The Perfect Stroke (Lucas Brothers #1)

“After you smell better, maybe. Now hold still or this scrub brush will take off your hide along with the smell.”


“Yes, ma’am,” I grumble unhappily, and for my tone, I get the brush slapped upside my head. Fuck. Will this day ever end? Better yet, will CC be back in my arms when it does? This is all my fault and I’m feeling like shit for getting her into it.





“You okay, sweetheart?” Gray asks again.

I’ve lost count, but we’re surely in double digits by now.

It’s the day after the entire mess. The tournament has been postponed because of a rainstorm, so we’re just trying to recover. We’re snuggled on the couch watching TV and wearing the hotel robes. Finally clean… and finally Ida-Sue-and-crazy-Lucas-family free. If it wasn’t for smelling like tomato juice and vinegar, I would pretend it was all a bad memory.

I’m trying to act normal, but there’s this fear that keeps swamping me. There were a lot of people around when we made it back to the hotel. A lot. Gray said he had it handled, but fuck, I don’t know how many people saw me naked. I don’t know what kind of chaos played after I ran away crying. It took Ida Sue an hour to calm me down, but we both know that if this gets out, Riverton will use that against me, which means there’s no way I’ll be able to get the loan from the bank unless Ida Sue performs a miracle. Every time the phone rings, I jump, worried it’s Riverton and praying it’s Ida Sue instead with word from the bank. I don’t care what the terms are; right now, I’d sign away my life if it means keeping the garage from that asshole. I feel so bad. There’s just no words. Jackson has been trying to get a loan, but his credit pretty much sucks after his divorce.

“I wish you would quit asking me that,” I tell Gray, trying not to be frustrated with him. It’s not fair that I’m blaming him, though I am. It’s not his fault I’m in the mess that I’m in, but it is his fault we literally got caught with our pants down.

“I’m worried about you, Cooper.”

“I’m about as good as someone can be when they’ve mooned half of Georgia and then got groped by some perverted doorman.”

“Fucking bastard. I should have hit him harder.”

“Let’s try to just not talk about it, please?”

“I’m sorry, baby,” he says. He sounds so sad, I feel like a bitch for being upset.

“I know,” I tell him, then wince. I made the decision to make love with him. It’s not his fault completely and yet I realize I am holding a grudge. I’m blaming him.

“C’mon, CC. Talk to me. What’s upsetting you the most?”

“You need more besides what we just talked about?”

“I can’t help feeling like there’s something more. You need to talk to me.”

He’s right. I know he is. I take a deep breath. Is this where I push him away? Is this where I lose him?

“There’s things you don’t know,” I tell him.

He pulls up, turning so he can face me, and I see the worry and maybe even hurt in his face. Guilt swamps me and I try to push it behind me so I can concentrate on what I need to tell him.

“Talk to me, CC.”

“Gray, when Banger got sick, things just got… really bad. It was just me and him. There wasn’t anyone else to depend on.”

“I’m sorry, honey. I’m sorry I wasn’t here to help you.”

My next words stop, and I feel like I’m choking on them. He’s completely serious. I want to believe him, and I think most of me does. There’s still this small voice in my head telling me not to believe him—not to trust him. I have this war going on inside of me. Will he let me down like others have? Will he leave me? Am I being unfair? Why do I insist on making Gray pay for the sins of others?

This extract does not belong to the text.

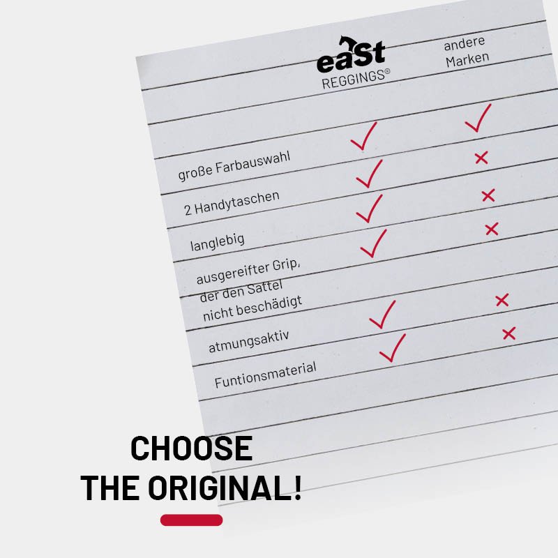 How do you recognize the original reggings? By its classic red eaSt label, the premium silicone grip, two practical side-pockets, body-shape contours, anti-slip tape on the hem and many other high-quality properties. That makes the reggings indispensable for every rider.

“Okay, fine!” I tell him, more upset with myself than him and deciding just to lay it out for him. “Gray, I’m in trouble. I made a huge mistake…” I start, when a knock at the door stops me.

Both of us look at the door and Gray huffs in frustration.

“Stay right here and don’t move.” I don’t respond, my eyes still glued to the door. I have a bad feeling. “Do you hear me, CC?” he prompts, and I tear my eyes from the door to look at him.

“Okay,” I say weakly, sitting up.

“I love my family, but I swear they have the most horrible timing,” Gray mutters, walking to the door.

I just keep staring at the door like a deer caught in the headlights of an oncoming car. He might think it is family, but something inside of me tells me different, and I know once that door opens, my world is never going to be the same.